There is a more advanced way to develop a handload, requiring fewer cartridges but more attention to the details of shooting.
Commonly called the Audette Method (after Creighton Audette, past Chairman of the NRA Highpower Rifle Committee), this is a more exact means of finding a rifle's "sweet spot" for a given bullet/powder/primer combination than the basic method. The NRA's Championship Training Clinics Manual High-Power Rifle Shooting, Volume III, has a transcript of Audette's speech given at the 1982 highpower rifle clinic at Camp Perry. Entitled "It Ain't Necessarily So," the speech describes several items that may affect group size during shooting, one of which is variations in ammunition powder loads.
A rifle's barrel vibrates when fired, and compared to the rest of the barrel, the muzzle end moves the most. Therefore, the muzzle's position when the bullet exits the bore has a large influence on which direction the bullet exits. Shot-to-shot vibration differences can cause the shot group to expand. Different powder weights may cause similar vibrations, however, so that some powder charge variations around a central amount will have the bullets leaving the muzzle at nearly the same position.
Two presses on the job
If the shooter keeps everything, including factors that change barrel vibration, constant from one shot to the next, he achieves the smallest group size possible. This is a lot of trouble, though. Instead, what if he can find the "sweet spot" where the group size is relatively insensitive to small changes in powder charge? The Audette Method allows you to do just this.
Start by using the general rules listed above for selecting primers, powder, and bullet type, weight, seating depth, and crimp. Start with a reasonable load (no less than the minimum powder charge listed in a manual). Select twenty bullets within one or two grains of the specified bullet weight. Load one round with the starting powder charge, then the next round with an increment of about 0.2 or 0.3 grains, etc. until you load twenty rounds. Ensure that your maximum charge will not exceed the manual's maximum listed charge; if it will, then decrease the charge increment until you can load twenty rounds without exceeding the maximum charge. Also, load five additional rounds for fouling shots with the minimum powder charge and same bullets. Then, use a permanent marker to mark the powder weight on each cartridge case so that you don't lose track of which is which.
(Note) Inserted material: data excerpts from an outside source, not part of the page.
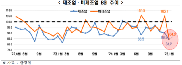 비제조업은 지난달 긍정 전망(105.1)을 보였으나 한 달 만에 20.2포인트 급락하면서 100 아래로 떨어졌다.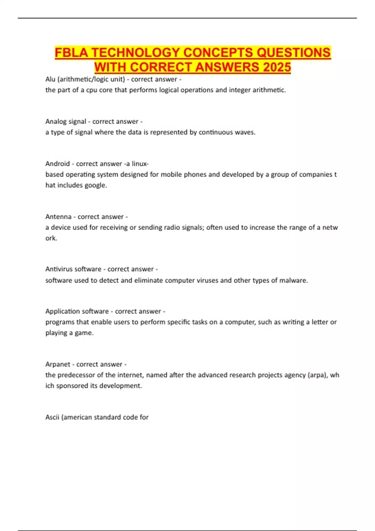 FBLA TECHNOLOGY CONCEPTS QUESTIONS WITH CORRECT ANSWERS 2025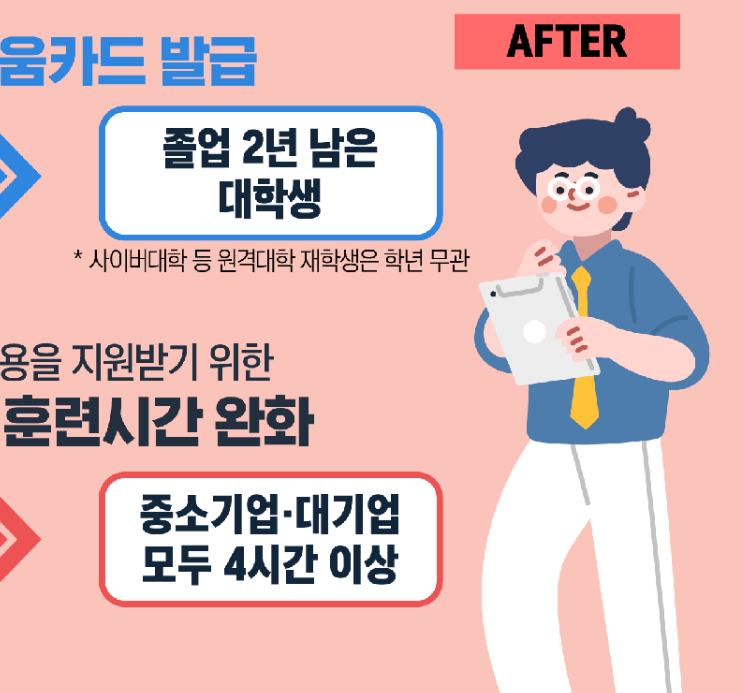 카드 사용 대상자는 신청자 본인과 19세 이상 가족, 그리고 이웃, 지인 등을 비롯한 특정 대상자를 추가적으로 신청자의 카드로 등록할 수 있습니다. 카드 사용으로 교육비용에 대한 일정 비율의 비용을 지원받아서 교육을 수료하면 각 기업에 따라 일자리 취약 지역을 선정하고 그 지역 내에 취업 기회를 제공하는 등의 혜택을 받으실 수 있어요.

At the range, fire the gun in a consistent manner. You're not testing your bull's-eye-shooting ability, so try to fire each round in exactly the same way as the last round while aiming at the same point each time. Your firing position (a solid bench rest) must be at least 200 yards from the target; you may find that the method works better at 300 yards, instead. Start with the five fouling rounds, then work your way up the powder weights, numbering the shots and shot holes in the target to identify which shot caused which holes. This is crucial, so mark the target after each shot, or use a good spotting scope to track the hits on paper from the firing point.
You may shoot over a chronograph, but don't be concerned if the velocities do not increase consistently. The important part is to look for groups of bullet holes in the target. Usually, the shots will march up the target, then form a group, then begin up the target again, etc. Several groups may form; look for small groups formed by consecutive shots. Those groups indicate a "sweet spot" for the rifle, where small variations in powder charge cause little change in accuracy.
Pick the charge weight from the middle of the best group, and use it as your charge weight for the particular cartridge and bullet combination.